Reproduce only the lines below from the line containing "自主选拔在线汇总整理了昆山杜" to the line containing "finish. Ships free.", exactly as written, with both end lines kept. Omit the pictures.

▬▬▬

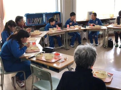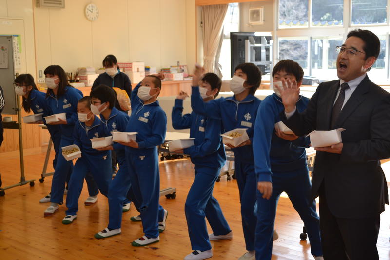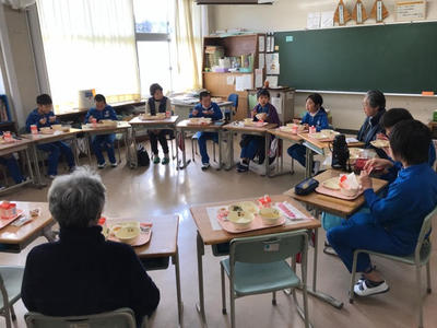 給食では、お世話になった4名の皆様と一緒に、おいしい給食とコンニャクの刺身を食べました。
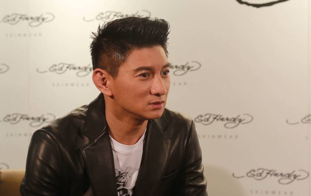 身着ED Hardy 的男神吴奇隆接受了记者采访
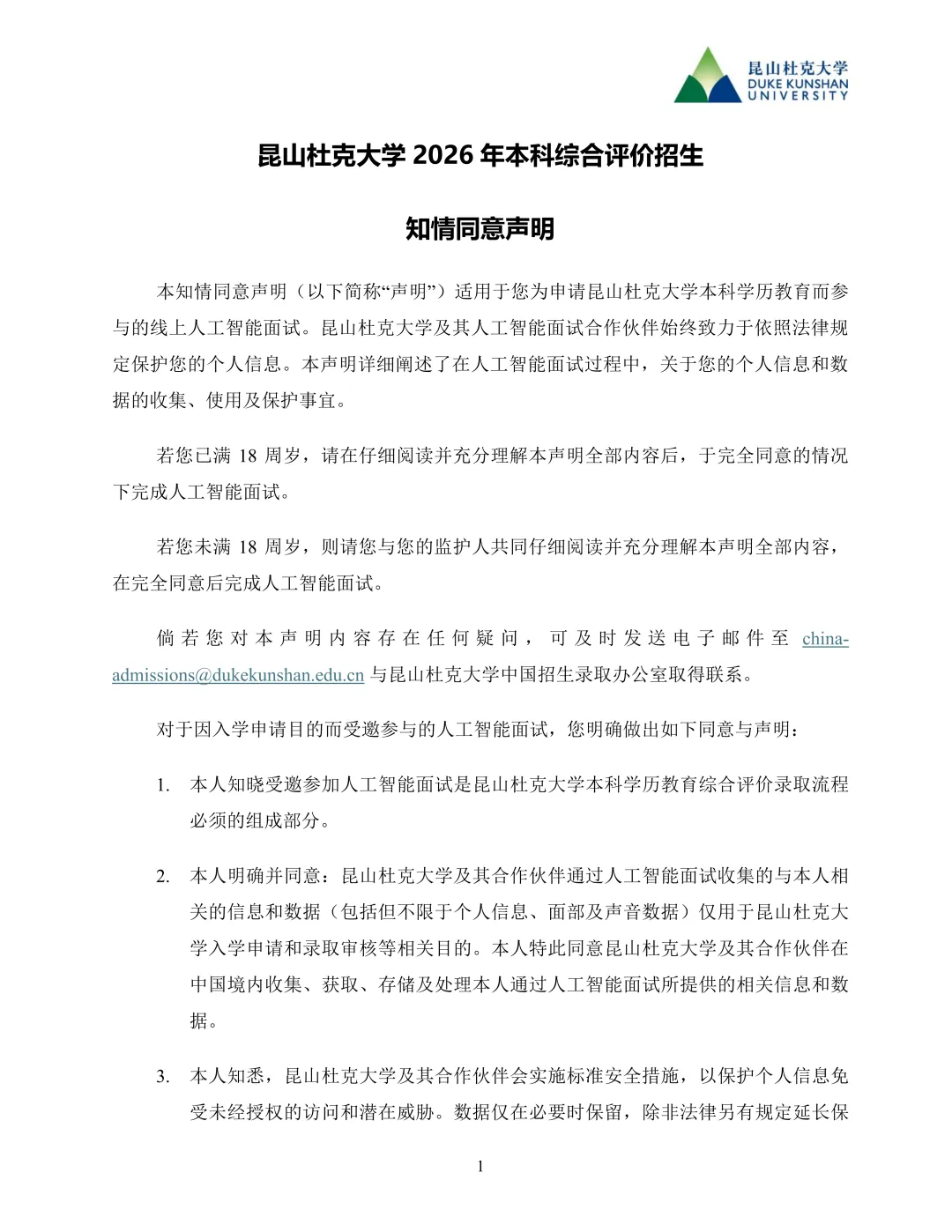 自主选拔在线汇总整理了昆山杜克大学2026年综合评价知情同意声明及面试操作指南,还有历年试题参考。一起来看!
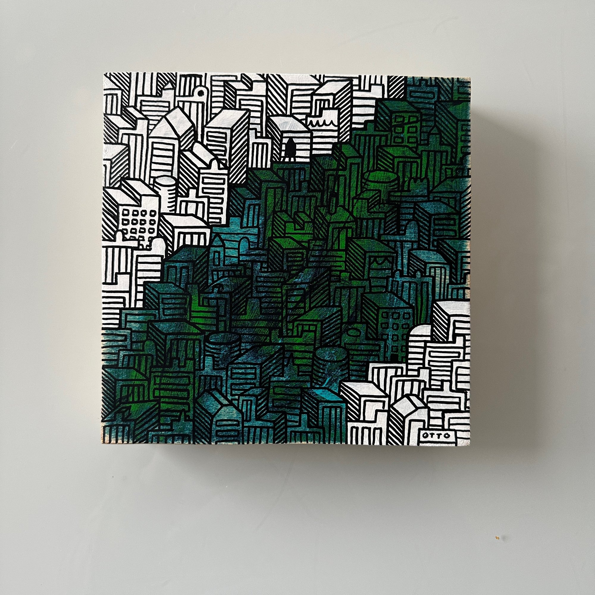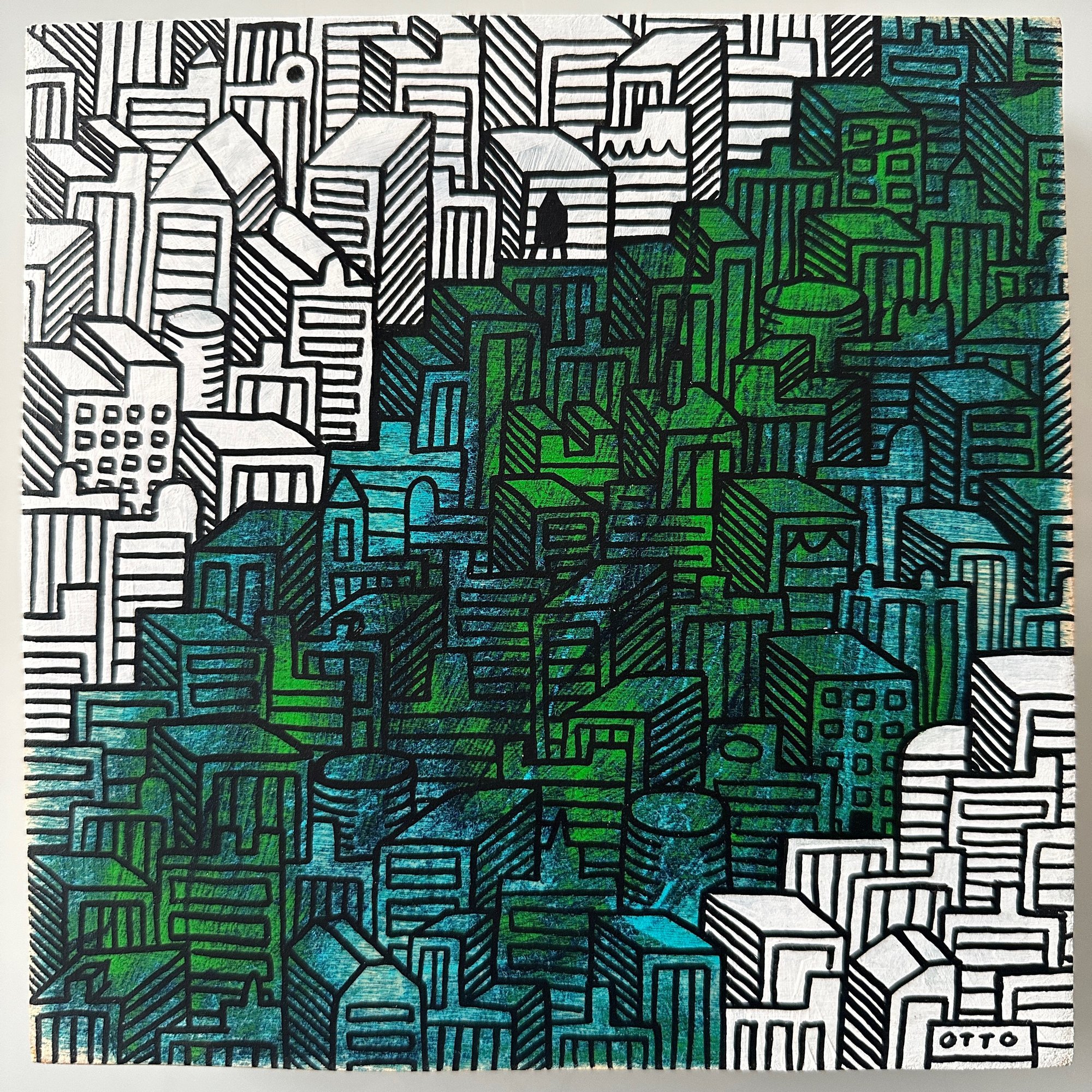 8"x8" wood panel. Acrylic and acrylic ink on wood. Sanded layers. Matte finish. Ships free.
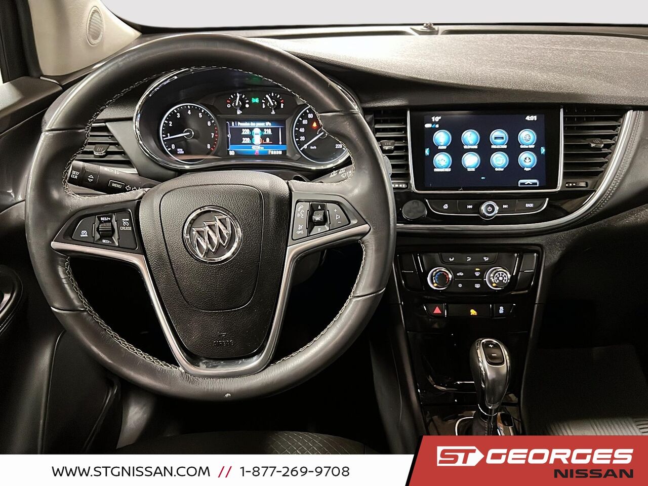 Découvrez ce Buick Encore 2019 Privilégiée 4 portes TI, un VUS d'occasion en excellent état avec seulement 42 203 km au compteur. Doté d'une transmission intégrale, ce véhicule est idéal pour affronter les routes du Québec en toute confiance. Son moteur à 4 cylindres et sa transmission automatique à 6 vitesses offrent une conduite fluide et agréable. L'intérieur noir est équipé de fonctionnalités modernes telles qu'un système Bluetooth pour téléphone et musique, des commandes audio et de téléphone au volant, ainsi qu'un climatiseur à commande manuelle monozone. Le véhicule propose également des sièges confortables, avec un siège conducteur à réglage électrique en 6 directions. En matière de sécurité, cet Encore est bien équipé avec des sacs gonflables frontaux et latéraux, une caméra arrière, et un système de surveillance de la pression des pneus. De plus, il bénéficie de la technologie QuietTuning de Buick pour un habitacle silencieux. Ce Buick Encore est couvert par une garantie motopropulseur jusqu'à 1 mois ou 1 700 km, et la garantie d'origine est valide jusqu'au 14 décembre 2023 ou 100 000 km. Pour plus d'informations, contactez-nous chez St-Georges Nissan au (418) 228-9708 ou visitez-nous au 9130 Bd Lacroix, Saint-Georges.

▬▬▬

### Answer space
 自主选拔在线汇总整理了昆山杜克大学2026年综合评价知情同意声明及面试操作指南,还有历年试题参考。一起来看!
 8"x8" wood panel. Acrylic and acrylic ink on wood. Sanded layers. Matte finish. Ships free.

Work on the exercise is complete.